Procedure codes and fees are available on the crime victims
compensation web site or by contacting the crime victims
program.
(5) The following supporting documentation must be maintained and, if applicable, submitted when billing for services:
(a) Intake evaluation;
(b) Progress reports;
(c) Consultation reports;
(d) Special or diagnostic study reports;
(e) Independent assessment or closing exam reports;
(f) BR (by report) describing why a service or procedure is too unusual, variable, or complex to be assigned a value unit;
(g) The claimant's or patient's (if patient is other than claimant) private or public insurance information;
For example: When services provided are for survivors of homicide victims.

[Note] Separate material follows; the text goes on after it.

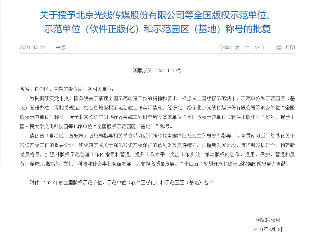 2021年3月18日,国家版权局正式发文授予我公司“2020年度全国版权示范单位(软件正版化)”荣誉称号。全国有25家单位获此称号,我公司是甘肃省唯一一家获此殊荣的单位。本次荣誉的授予,是国家版权局对认真贯彻《国家知识产权战略纲要》,深入实施创新驱动发展战略,强化知识产权创造、运用、保护和管理先进单位的表彰;更是对我公司全体职工在软件正版化方面工作的肯定。

(6) The claim number must appear in the appropriate field on each bill form. Reports and other correspondence must have the claim number in the upper right hand corner of each page.
(7) You may rebill us if your bill is not reported on your remittance advice within sixty days. Unless the information on the original bill was incorrect, a rebill should be identical. Rebills must be submitted for services denied if a claim is closed or rejected and subsequently reopened or allowed.

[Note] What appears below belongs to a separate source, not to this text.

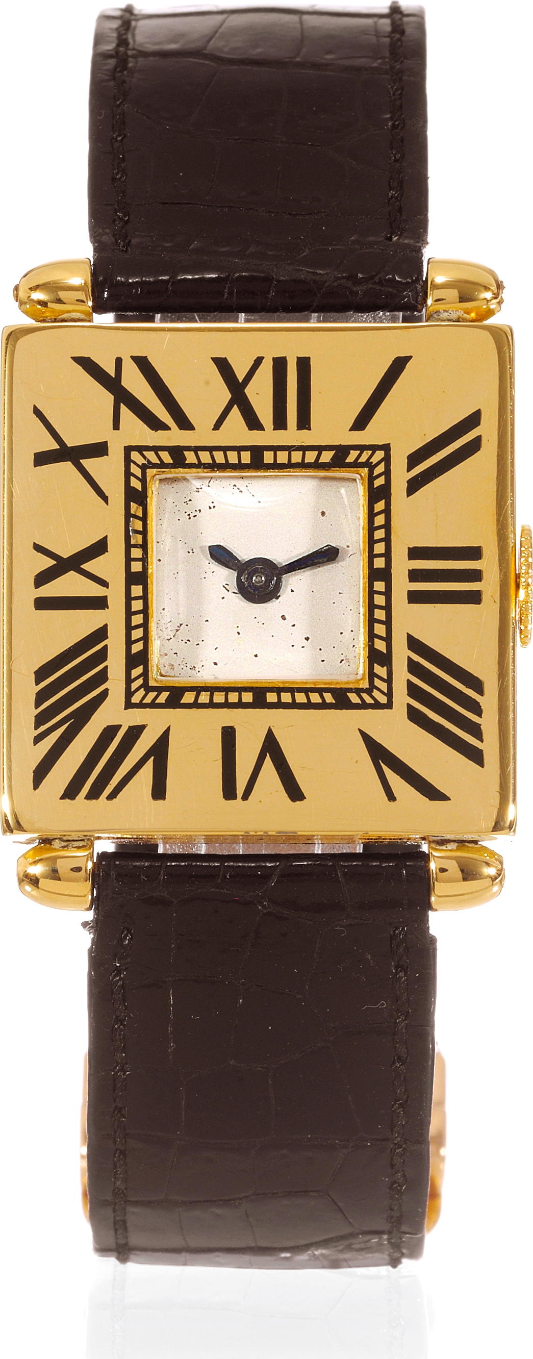 C. Square, two-body, solid, polished, four screws on the band, ogival lugs, black champleve radial Roman numerals on the wide bezel, inner minute track, the back decorated with a dark blue champleve enamel St. Christopher and the inscription ?EXALTATION, 1901-1927, Paris and After?. D. Small, square, matte silver. Blued steel épée hands. M. Cal. 10''', signed European Watch and Clock Co. Inc., rhodiumplated, fausses cotes decoration, 18 jewels, straight-line lever escapement, cut bimetallic compensation balance adjusted to 8 positions, blued steel Breguet balance spring, index regulator. Movement signed European Watch & Clock Co., Inc., case with Cartier numbers. Dim. 26 x 26 mm. Thickness 6 mm.

(8) We will adjust charges when appropriate. We must provide you with a written explanation as to why a billing was adjusted. A written explanation is not required if the adjustment was made solely to conform to our maximum allowable fees. Any inquiries regarding adjustment of charges must be received in the required format within ninety days from the date of payment.
[Statutory Authority: RCW 7.68.030, 7.68.080, 7.68.120, 51.36.010, 51.04.020 (1) and (4) and 51.04.030. 99-07-004, § 296-31-080, filed 3/4/99, effective 4/4/99; 97-02-090, § 296-31-080, filed 12/31/96, effective 1/31/97. Statutory Authority: RCW 7.68.030, 51.04.020(1) and 51.04.030. 95-15-004, § 296-31-080, filed 7/5/95, effective 8/5/95. Statutory Authority: Chapter 7.68 RCW. 94-02-015, § 296-31-080, filed 12/23/93, effective 1/24/94. Statutory Authority: RCW 43.22.050. 92-23-033, § 296-31-080, filed 11/13/92, effective 12/14/92.]